_To do_
Instruction for the entries below: return the part that opens with the line containing "Spread holiday cheer" and closes with the line containing "加治屋 たつしさんを姓名の画数から五運を鑑定", exactly, and no pictures.

(Stored dataset items)
====
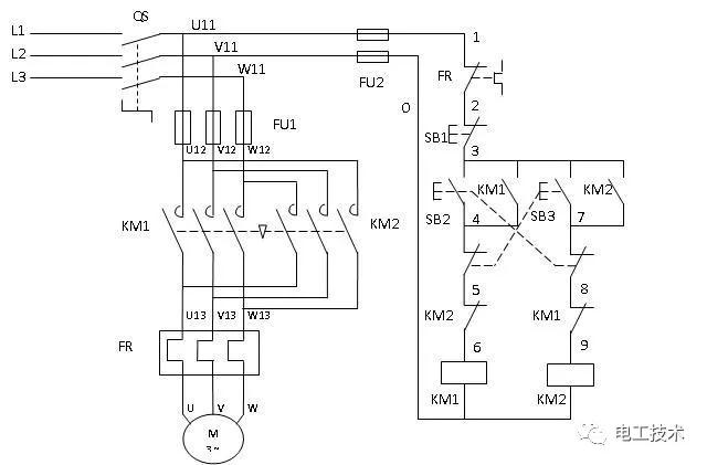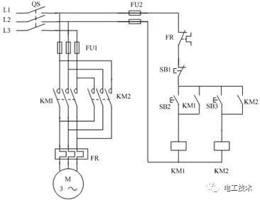 电机要实现正反转控制,将其电源的相序中任意两相对调即可(我们称为换相),通常是V相不变,将U相与W相对调,为了保证两个接触器动作时能够可靠调换电动机的相序,接线时应使接触器的上口接线保持一致,在接触器的下口调相。由于将两相相序对调,故须确保二个KM线圈不能同时得电,否则会发生严重的相间短路故障,因此必须采取联锁。
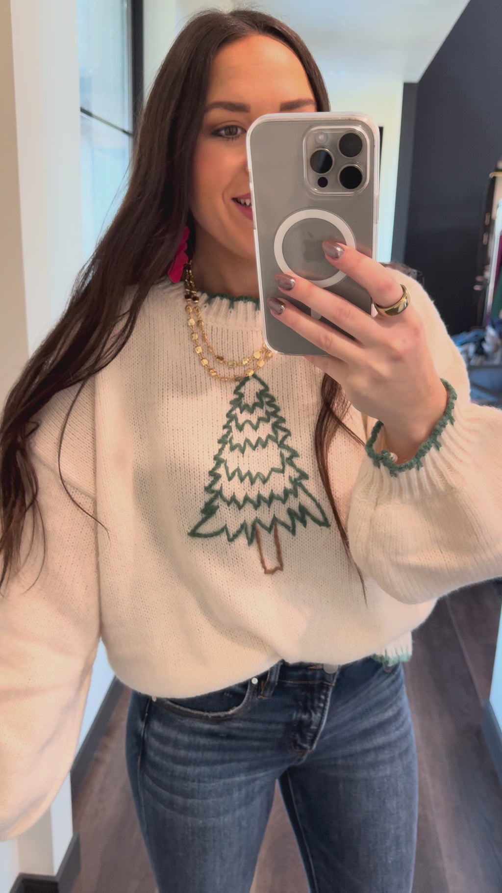 Spread holiday cheer in this playful sweater! The Frosted Pines Sweater features festive Christmas tree stitching and contrast piping details that make it instantly charming. With its relaxed crew neckline and comfortable fit, it's the perfect sweater for all your seasonal celebrations and cozy winter moments.
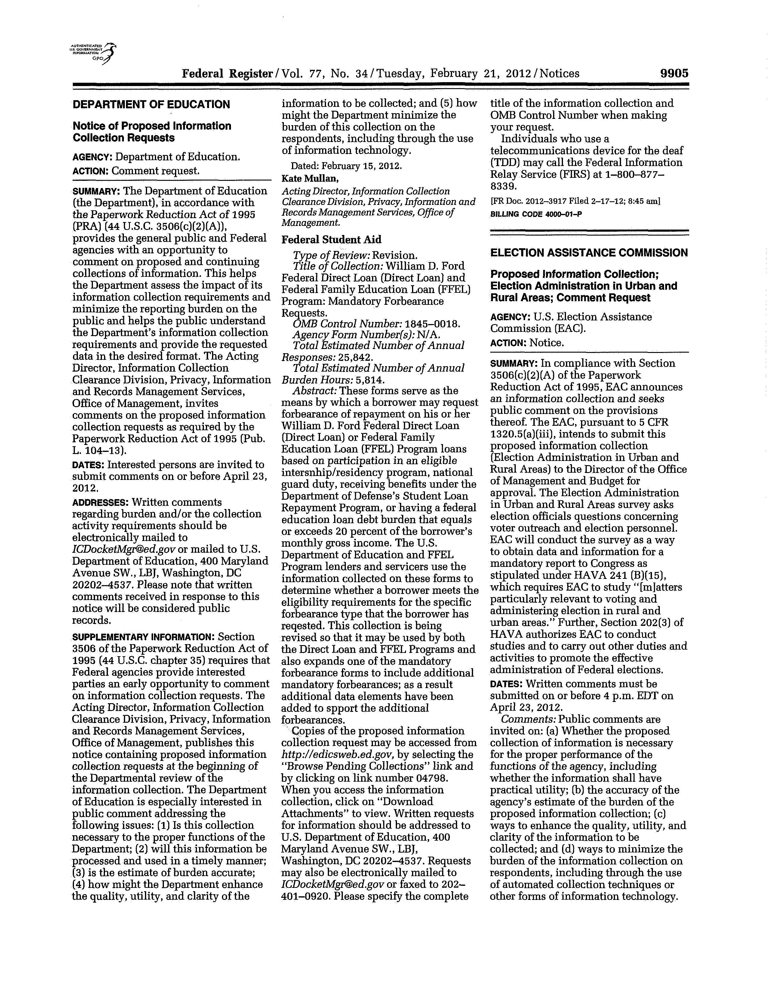 On May 16, 2012 EAC, in consultation with its survey contractor Human Resources Research Organization (HumRRO), submitted to OMB, its supporting statement related to a request for OMB approval to conduct a survey of local election officials on the administration of elections in urban and rural areas.
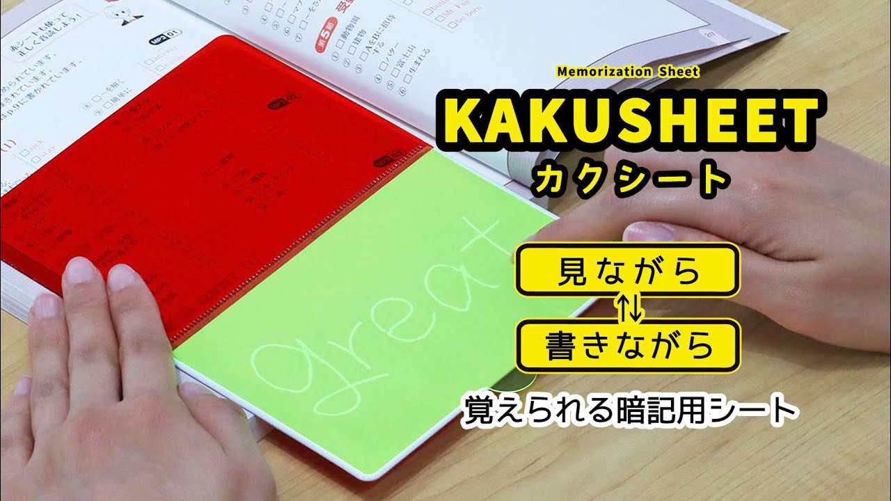 今まで暗記は、暗記用の緑マーカーでチェックした部分の文字を赤シートで隠して確認作業をして…といった”見て”覚えるだけでしたが、この「カクシート」はさらにインク不要の黄色シート(メモ部分)が付いているので、その部分にペンのキャップ部分や指先などで文字を”書いて”覚えることができます。
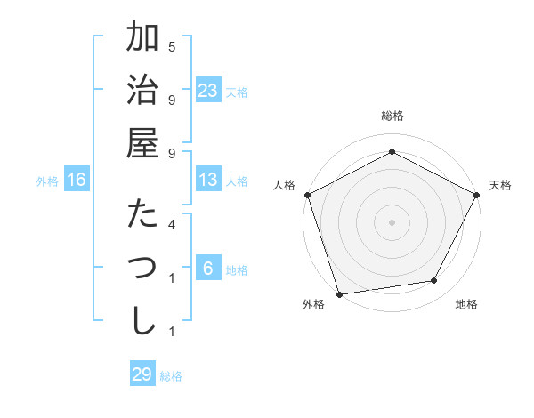 加治屋 たつしさんを姓名の画数から五運を鑑定
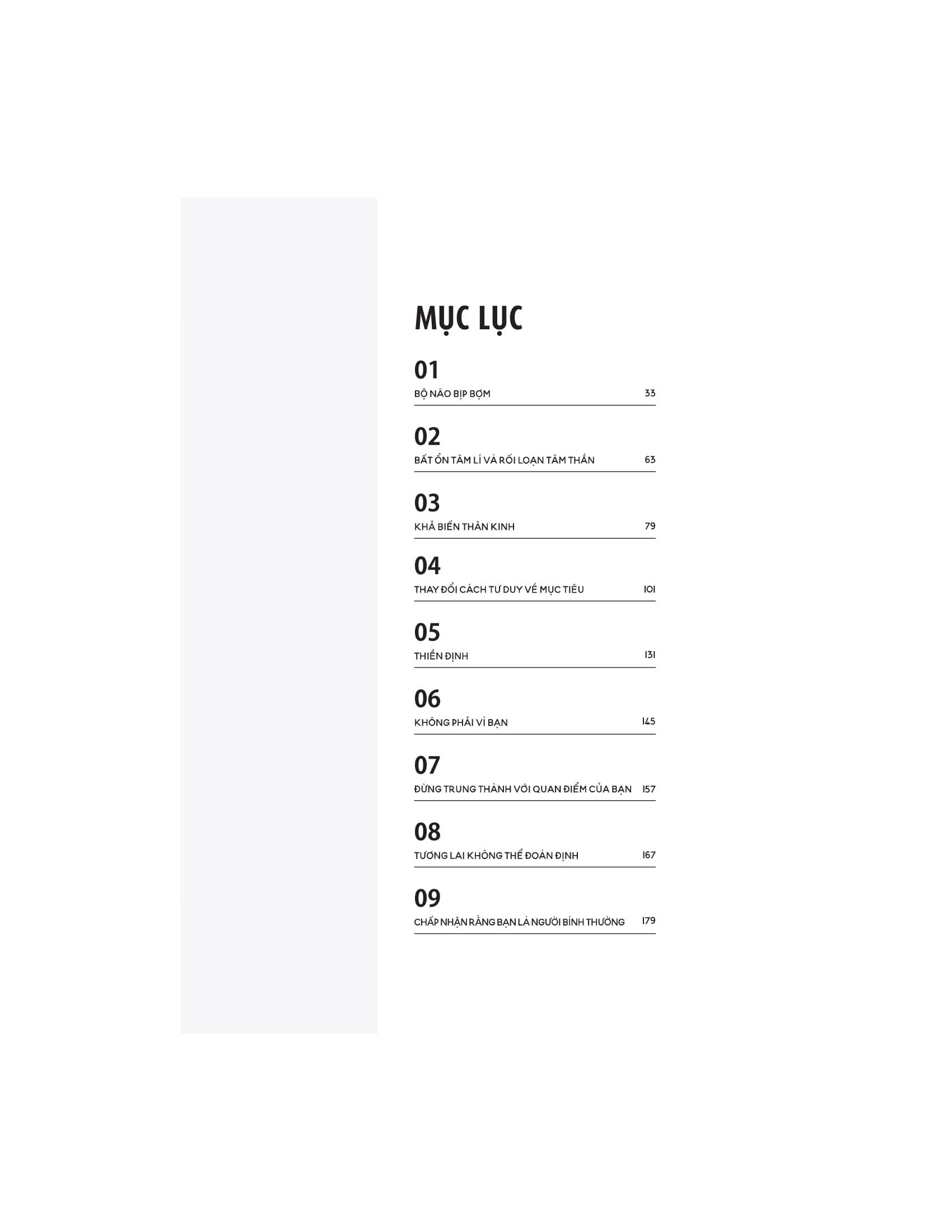 “Giải phóng bộ não khỏi tư duy độc hại” tập trung vào việc khai thác nguồn gốc gây ra nỗi sợ để chấp nhận và khắc phục chúng, giúp chúng ta kiểm soát các suy nghĩ tiêu cực, cải thiện các mối quan hệ xã hội. Từ đó, giúp người đọc trả lời hai câu hỏi: Vì sao tâm trí bạn thường tự suy diễn ra những ý nghĩ tiêu cực? Làm thế nào để chống lại những suy nghĩ tự hủy hoại bản thân đang làm hại bạn mỗi ngày?
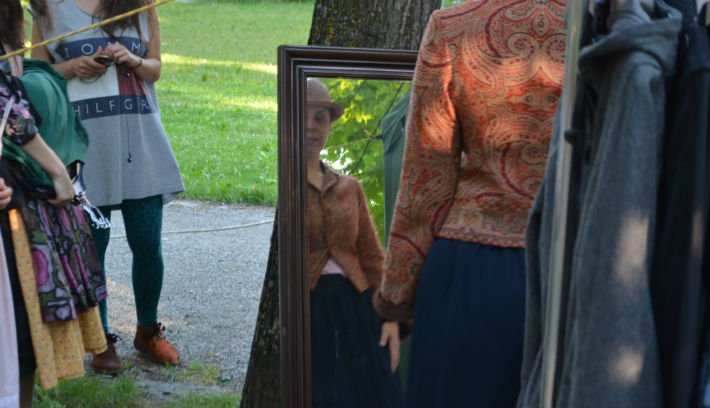 Sőt. Mindenki megtalálja magának a megfelelő ruhát. És milyen úri a dolog: nagy tükör is van a parkbeli próbafülkében!
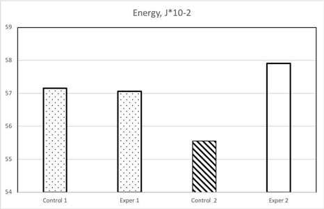 The results are presented in Table 3 &Figure 2. As we can see from the graphs, in the initial measurement between control and experimental groups there was no difference, but 2 weeks later Energy dropped down in the control group and Stress dropped as well. In the experimental group, Energy increased and Stress decreased more than in the control group. There was no statistical difference between 1st and 2nd tests for both groups, but if we removed 2 people from calculations, Energy increase in the experimental group would be statistically significant.For the participants of the control group listening to classic music Stress level dropped down and Energy decreased. Figure Comparison of averaged Bio-Well data for the initial measurement (1) and after 2 weeks (2) for the control and experimental groups for Stress coefficient.
====
_Solution_
 Spread holiday cheer in this playful sweater! The Frosted Pines Sweater features festive Christmas tree stitching and contrast piping details that make it instantly charming. With its relaxed crew neckline and comfortable fit, it's the perfect sweater for all your seasonal celebrations and cozy winter moments.
 On May 16, 2012 EAC, in consultation with its survey contractor Human Resources Research Organization (HumRRO), submitted to OMB, its supporting statement related to a request for OMB approval to conduct a survey of local election officials on the administration of elections in urban and rural areas.
 今まで暗記は、暗記用の緑マーカーでチェックした部分の文字を赤シートで隠して確認作業をして…といった”見て”覚えるだけでしたが、この「カクシート」はさらにインク不要の黄色シート(メモ部分)が付いているので、その部分にペンのキャップ部分や指先などで文字を”書いて”覚えることができます。
 加治屋 たつしさんを姓名の画数から五運を鑑定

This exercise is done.